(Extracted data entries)
• • •

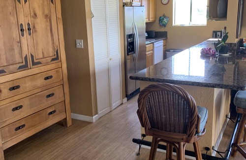 Corner condo with two lanais. Watch sunrise with birds chirping and peek -a-poo ocean views. King bed fully furnished ,basic tv wi-fi internet all utilities included. Swimming pool and BBQ area. Stairs and elevator,access, minuets away from the ocean and dining . Why not work from your condo away from office!
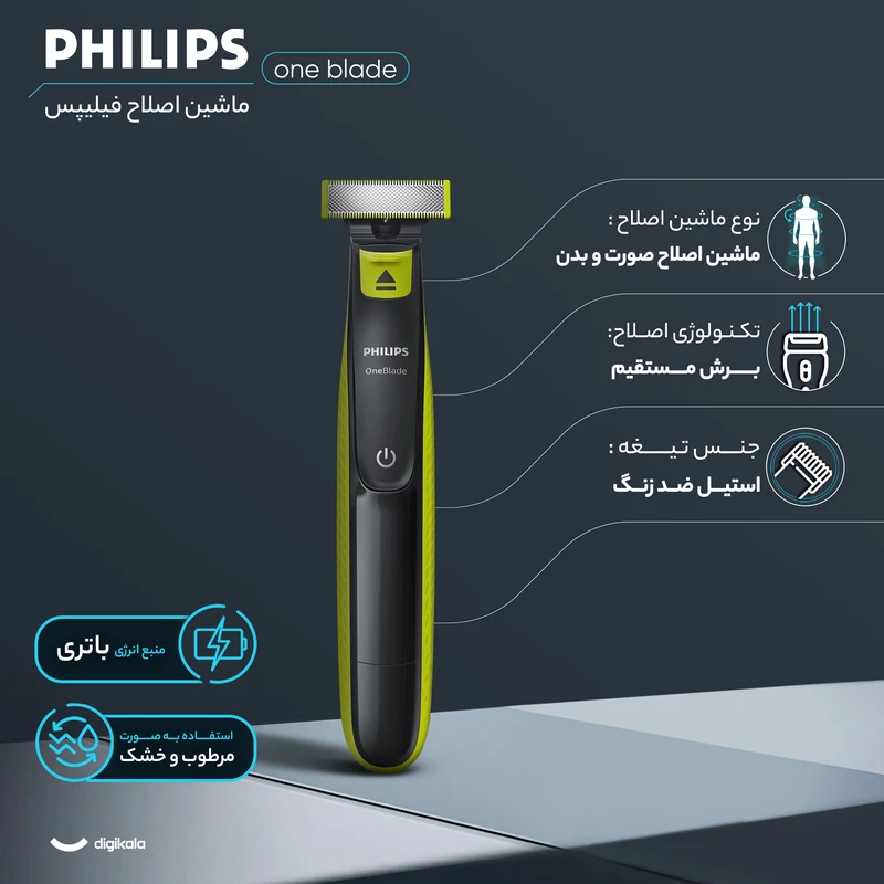 ماشین اصلاح موی صورت و بدن فیلیپس مدل OneBlade، یک ابزار انقلابی و چندمنظوره است که به شما این امکان را می‌دهد تا به راحتی و با دقت، موهای صورت و بدن خود را اصلاح کنید. این تریمر با تکنولوژی برش مستقیم و قابلیت صفر زنی، اصلاحی بی‌نقص و تمیز را ارائه می‌دهد. تیغه‌های استیل ضد زنگ آن، نه تنها دوام بالایی دارند بلکه به شما اطمینان می‌دهند که هر بار اصلاحی راحت و بدون تحریک پوست خواهید داشت. طراحی این دستگاه به گونه‌ای است که می‌توانید از آن به صورت خشک و مرطوب استفاده کنید، که آن را به گزینه‌ای مناسب برای هر سلیقه و نیاز تبدیل می‌کند. فیلیپس OneBlade به همراه کابل شارژ USB ارائه می‌شود و با باتری قابل شارژ خود، در 480 دقیقه به طور کامل شارژ می‌شود و پس از آن به مدت 45 دقیقه قابل استفاده است. با وزن 800 گرمی این دستگاه، استفاده از آن بسیار راحت و آسان است. با ماشین اصلاح فیلیپس OneBlade، هر روز به راحتی و با اطمینان ظاهری آراسته و مرتب را تجربه کنید و از اصلاحی حرفه‌ای و بدون دردسر لذت ببرید.
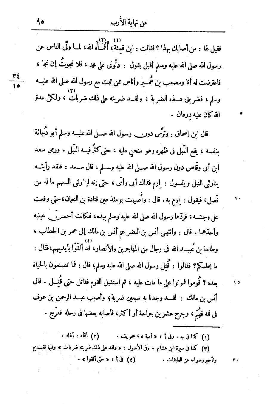 ما يجلسكم؟ فقالوا: قتل رسول الله صلّى الله عليه وسلّم؛ قال: فما تصنعون بالحياة بعده؟ قوموا فموتوا على ما مات عليه، ثم استقبل القوم فقاتل حتى قتل. قال أنس بن مالك: لقد وجدنا به سبعين ضربة؛ وأصيب عبد الرحمن بن عوف فى فمه فهتم، وجرح عشرين جراحة أو أكثر، فأصابه بعضها فى رجله فعرج.
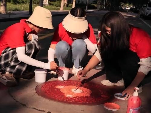 为深化社区居民主人公意识,自觉爱护社区环境,谨记消防知识。实践团别出心裁,井盖作画,使井盖变身“景盖”。活动现场,实践团首先为保持井盖的清洁,为井盖清洗,除锈。而后进行调色,大面积铺色,晾晒,细节勾画。最后,富含消防元素,传递城市文明的“景盖”新鲜出炉,为来往路人提供了视觉与精神的双重享受,将消防的种子埋入社区各个角落。
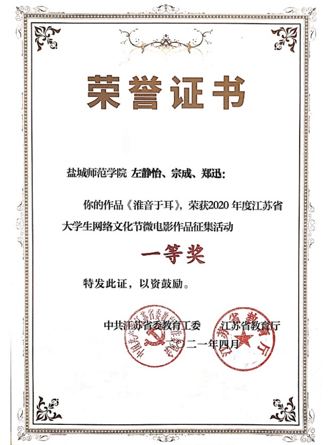 近日,2020年度江蘇省大學生網絡文化節評選結果揭曉,信息工程學院學生左靜怡、宗成、鄭迅的參賽作品《淮音于耳》,在全省數千餘部作品中脫穎而出,榮獲一等獎。
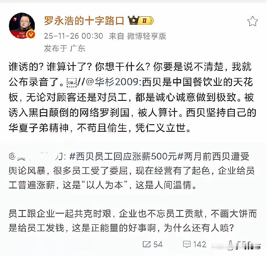 网络舆论这方面,他们捆在一起,都玩不过罗永浩,所以就别聊闲了,那样就丢人现眼了。 华杉转发别人转发的该文并评论说,西贝是中国餐饮业的天花板,无论对顾客还是对员工,都是诚心诚意做到极致。被诱入黑白颠倒的网络罗刹国,被人算计。西贝坚持自己的华夏子弟精神,不苟且偷生,凭仁义立世。 罗永浩进一步转发华杉发文,并且提出了自己的观点: 谁诱的?谁算计了?你想干什么?你要是说不清楚,我就公布录音了。

• • •

_AIM OF THE TASK_.
Word for word, restate the lines from the one containing "近日,2020年度江蘇省大學" through the end of the entries. Do not include pictures.

_TASK ANSWER_.
 近日,2020年度江蘇省大學生網絡文化節評選結果揭曉,信息工程學院學生左靜怡、宗成、鄭迅的參賽作品《淮音于耳》,在全省數千餘部作品中脫穎而出,榮獲一等獎。
 网络舆论这方面,他们捆在一起,都玩不过罗永浩,所以就别聊闲了,那样就丢人现眼了。 华杉转发别人转发的该文并评论说,西贝是中国餐饮业的天花板,无论对顾客还是对员工,都是诚心诚意做到极致。被诱入黑白颠倒的网络罗刹国,被人算计。西贝坚持自己的华夏子弟精神,不苟且偷生,凭仁义立世。 罗永浩进一步转发华杉发文,并且提出了自己的观点: 谁诱的?谁算计了?你想干什么?你要是说不清楚,我就公布录音了。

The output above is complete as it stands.